### Extracted data entries

# # # #

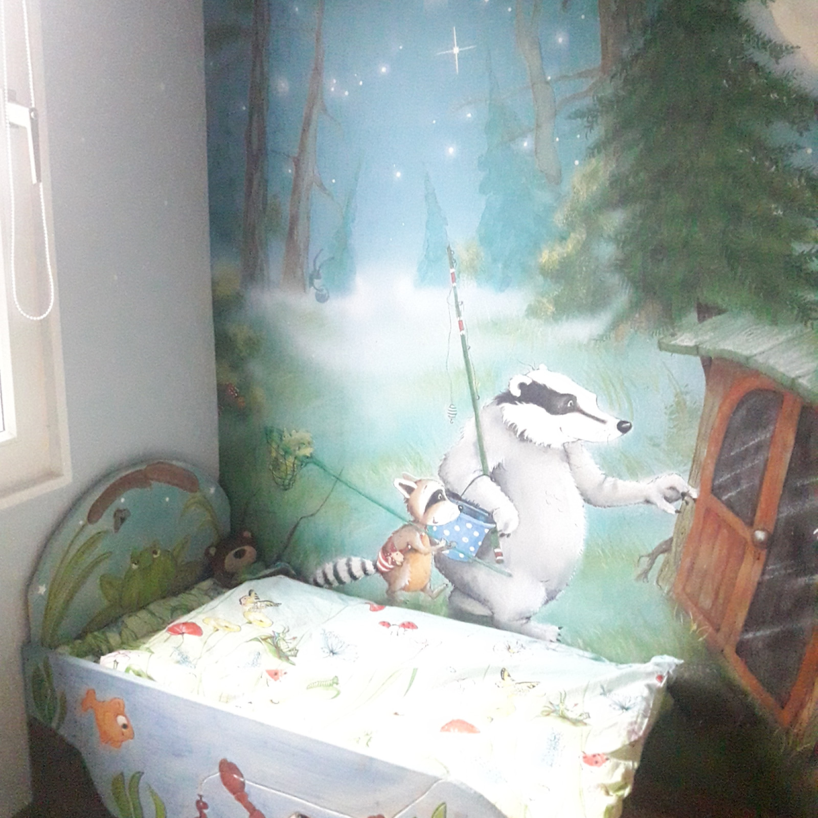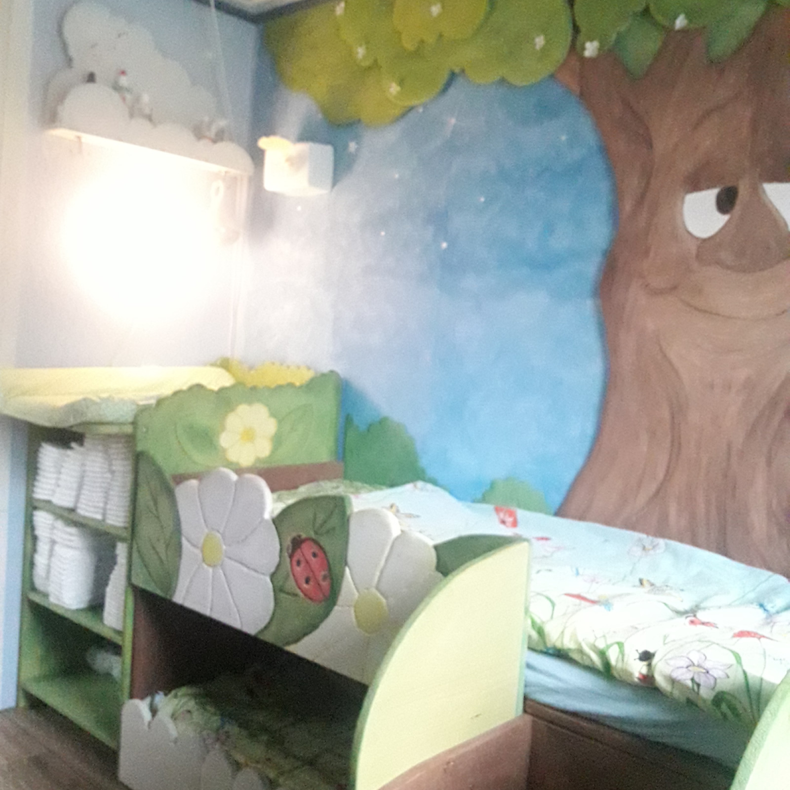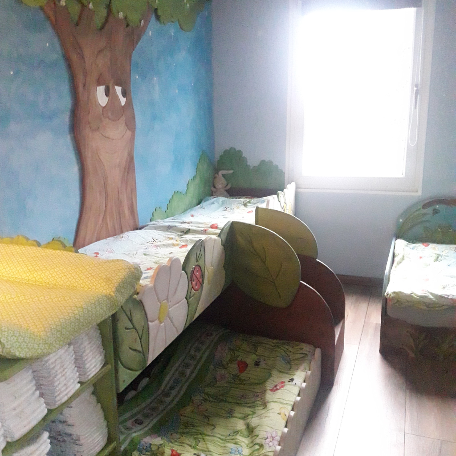 Der angrenzende Wald-Schlafraum mit fünf kleinen Holzbettchen schafft eine ruhige und geborgene Atmosphäre für die Mittagsruhe. Der Wickel,- und Pflegebereich befindet sich auch in diesem Raum.
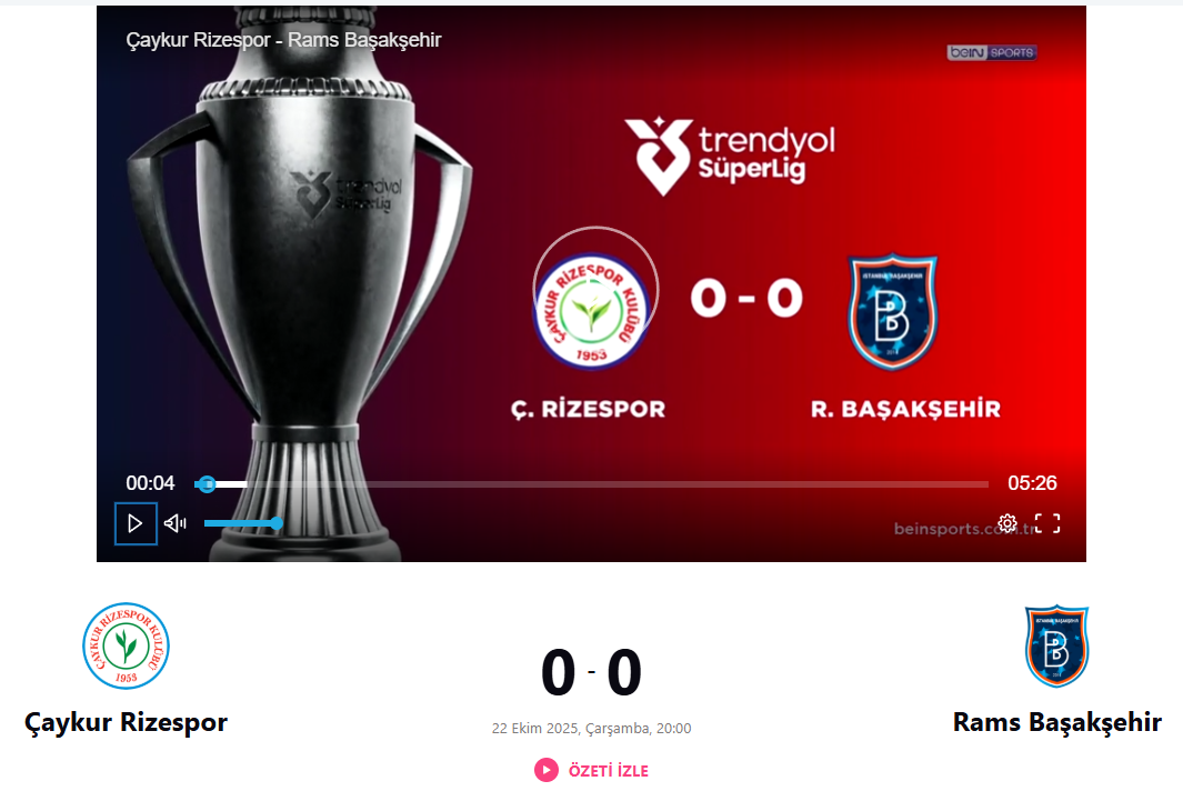 Trendyol Süper Lig’in 3. Hafta erteleme maçında Çaykur Rizespor'umuz RAMS Başakşehir ile golsüz berabere kaldı.
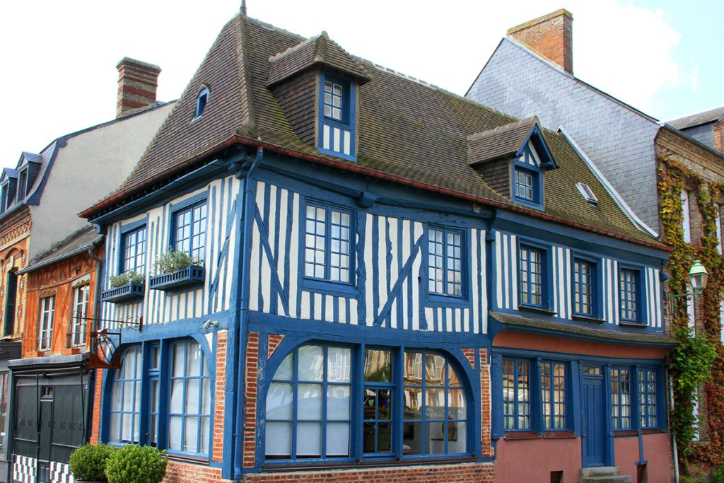 Sur la côte notamment dans les stations (Côte Fleurie par exemple), on croise des villas qui réinterprètent les codes normands : pans de bois parfois décoratifs, pignons marqués, bow-windows, brique, détails plus urbains. C’est un autre visage du patrimoine régional : moins rural, plus typique des maisons de bord de mer, autour de Deauville et des plages voisines.
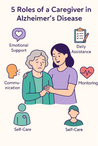 🩺 เฝ้าระวังอาการทางกายและอารมณ์ เช่น การหลงทาง หงุดหงิด หรือการเปลี่ยนพฤติกรรม เพื่อรายงานแพทย์อย่างเหมาะสม
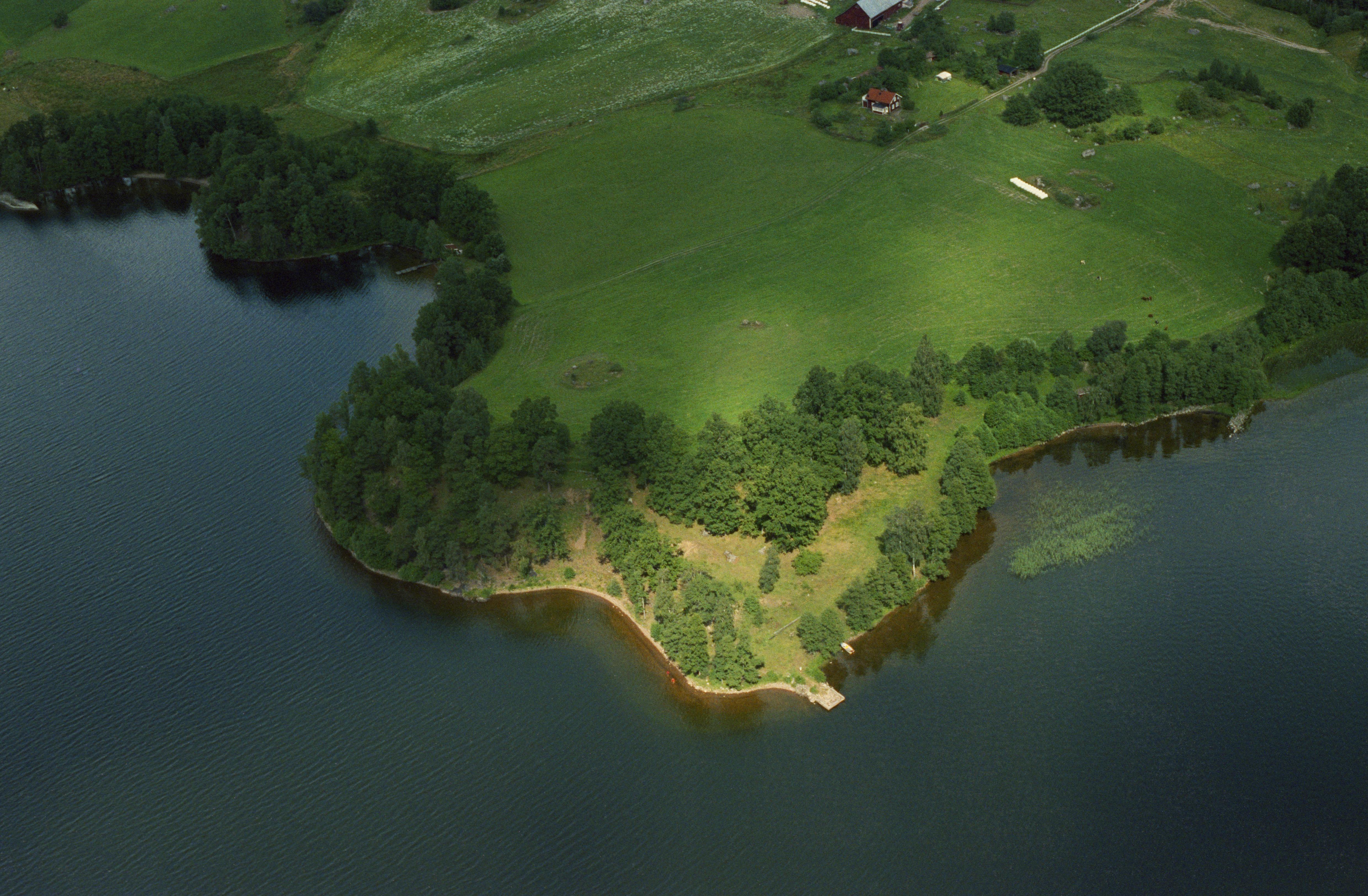 Beskrivning: Jätteudden vid sjön Åsunden. Gravfält med skeppssättning, och domarring RAÄnr Horn 15:1. Bilden är tagen mot (väderstreck): N
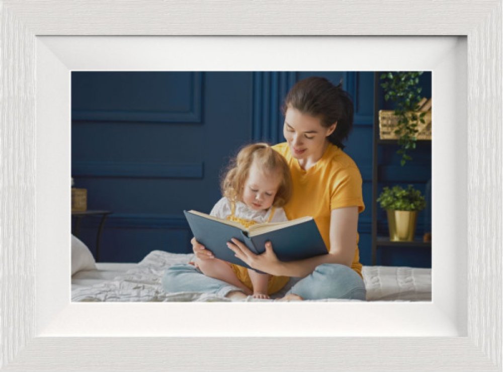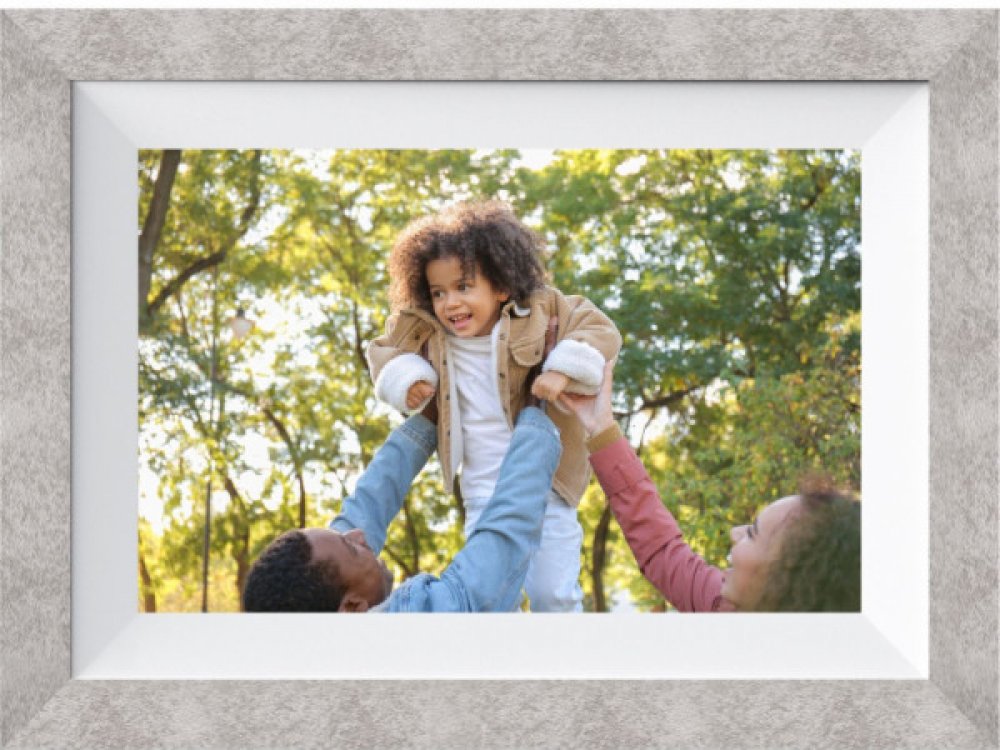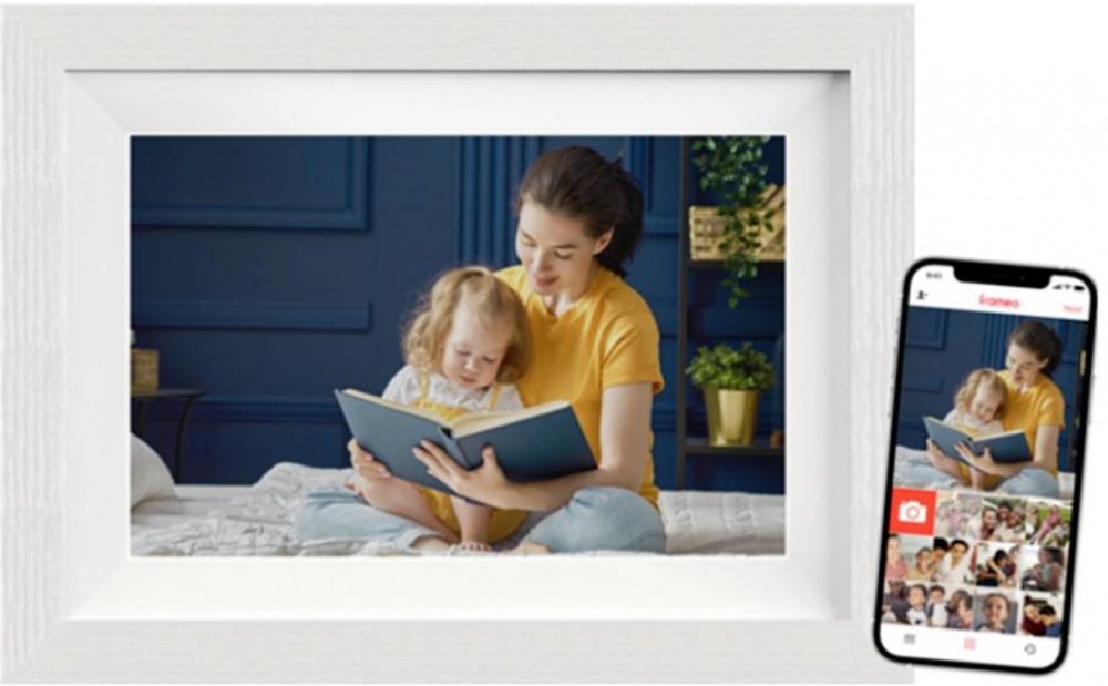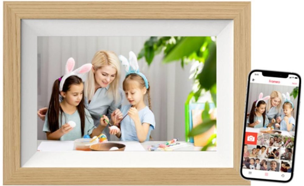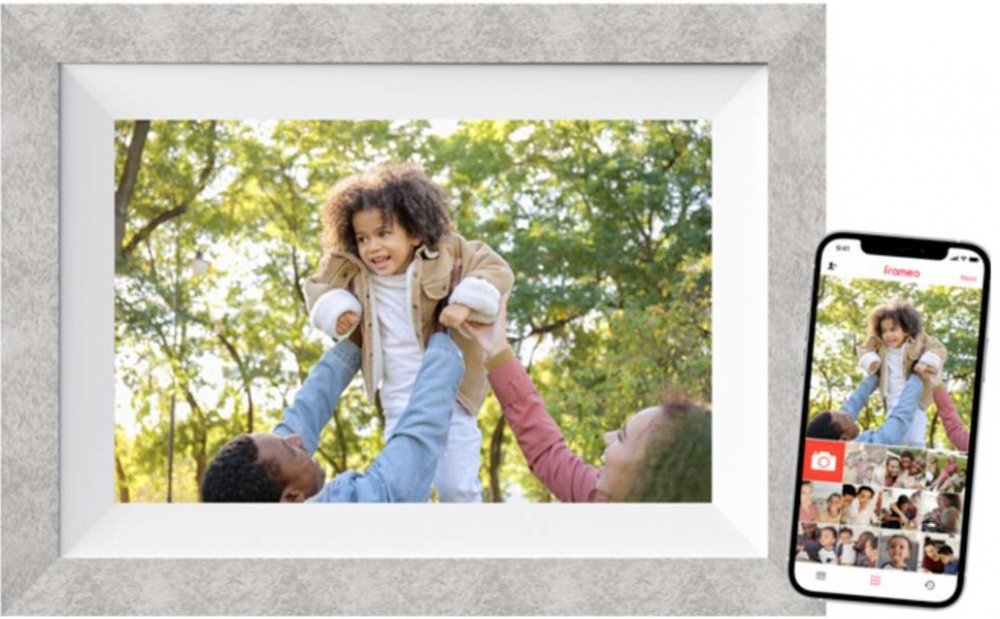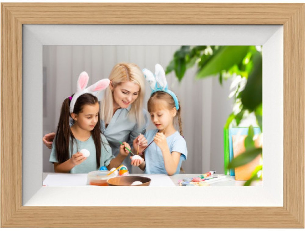 WiFi digitální fotorámeček s úhlopříčkou 10"/25,7cm, rozlišení 1280x800px, 16:10 IPS dotykový, přehrávání JPEG/MP3/Video, aplikace FRAMEO pro zasílání obrázků a videí z telefonu, vnitřní paměť 32GB, USB2 a micro SD slot max 32GB, rozměry 265x183x24mm, hmotnost 690g, data USB-C/ síťový zdroj 5V/2A. WiFi 2,4GHz, WLAN modul 802.11 b/g/n, opěrka na stůl, jednoduchá obsluha a nastavení pomocí bezplatné aplikace FRAMEO (Android/iOS), ideální pro aktualizaci obsahu a nastavení rámečku z telefonu doma i na cestách, maximální počet 10 000 záznamů a doba pro video 15s, reproduktory 2x2W, G-senzor pro horizontální i vertikální pozici, formáty foto JPG, PNG a video MP4, energetická kategorie C, menu v jazycích CZ, DE, GB, FR, NL, PL, IT, SI, HR, ES, PT, RO, GR, bílý s Beech odnímatelným rámečkem.
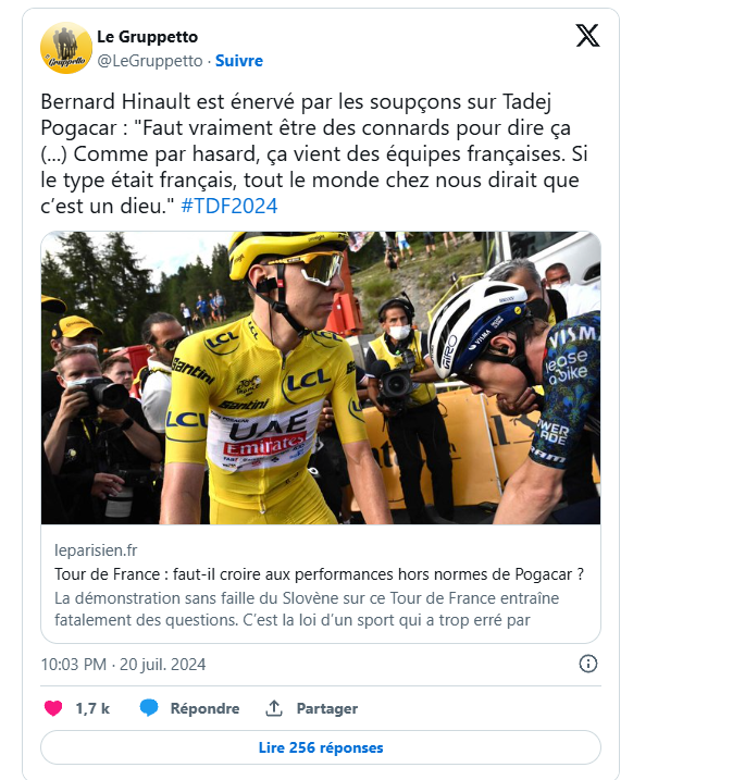 Il n'y a qu'à voir Gaudu depuis 24 mois, quelles garanties pour élever ses perfs ( et le Martin en a grandement besoin) a-t-il pu lui être promis ?Madiot a du lui faire un pont d'or au Michel Onfray sur roulettes, FDJ is the new Totalenergie

# # # #

### PROBLEM STATEMENT
Please output every record above exactly. Leave the pictures out.

### SOLUTION FOR THIS TASK
 Der angrenzende Wald-Schlafraum mit fünf kleinen Holzbettchen schafft eine ruhige und geborgene Atmosphäre für die Mittagsruhe. Der Wickel,- und Pflegebereich befindet sich auch in diesem Raum.
 Trendyol Süper Lig’in 3. Hafta erteleme maçında Çaykur Rizespor'umuz RAMS Başakşehir ile golsüz berabere kaldı.
 Sur la côte notamment dans les stations (Côte Fleurie par exemple), on croise des villas qui réinterprètent les codes normands : pans de bois parfois décoratifs, pignons marqués, bow-windows, brique, détails plus urbains. C’est un autre visage du patrimoine régional : moins rural, plus typique des maisons de bord de mer, autour de Deauville et des plages voisines.
 🩺 เฝ้าระวังอาการทางกายและอารมณ์ เช่น การหลงทาง หงุดหงิด หรือการเปลี่ยนพฤติกรรม เพื่อรายงานแพทย์อย่างเหมาะสม
 Beskrivning: Jätteudden vid sjön Åsunden. Gravfält med skeppssättning, och domarring RAÄnr Horn 15:1. Bilden är tagen mot (väderstreck): N
 WiFi digitální fotorámeček s úhlopříčkou 10"/25,7cm, rozlišení 1280x800px, 16:10 IPS dotykový, přehrávání JPEG/MP3/Video, aplikace FRAMEO pro zasílání obrázků a videí z telefonu, vnitřní paměť 32GB, USB2 a micro SD slot max 32GB, rozměry 265x183x24mm, hmotnost 690g, data USB-C/ síťový zdroj 5V/2A. WiFi 2,4GHz, WLAN modul 802.11 b/g/n, opěrka na stůl, jednoduchá obsluha a nastavení pomocí bezplatné aplikace FRAMEO (Android/iOS), ideální pro aktualizaci obsahu a nastavení rámečku z telefonu doma i na cestách, maximální počet 10 000 záznamů a doba pro video 15s, reproduktory 2x2W, G-senzor pro horizontální i vertikální pozici, formáty foto JPG, PNG a video MP4, energetická kategorie C, menu v jazycích CZ, DE, GB, FR, NL, PL, IT, SI, HR, ES, PT, RO, GR, bílý s Beech odnímatelným rámečkem.
 Il n'y a qu'à voir Gaudu depuis 24 mois, quelles garanties pour élever ses perfs ( et le Martin en a grandement besoin) a-t-il pu lui être promis ?Madiot a du lui faire un pont d'or au Michel Onfray sur roulettes, FDJ is the new Totalenergie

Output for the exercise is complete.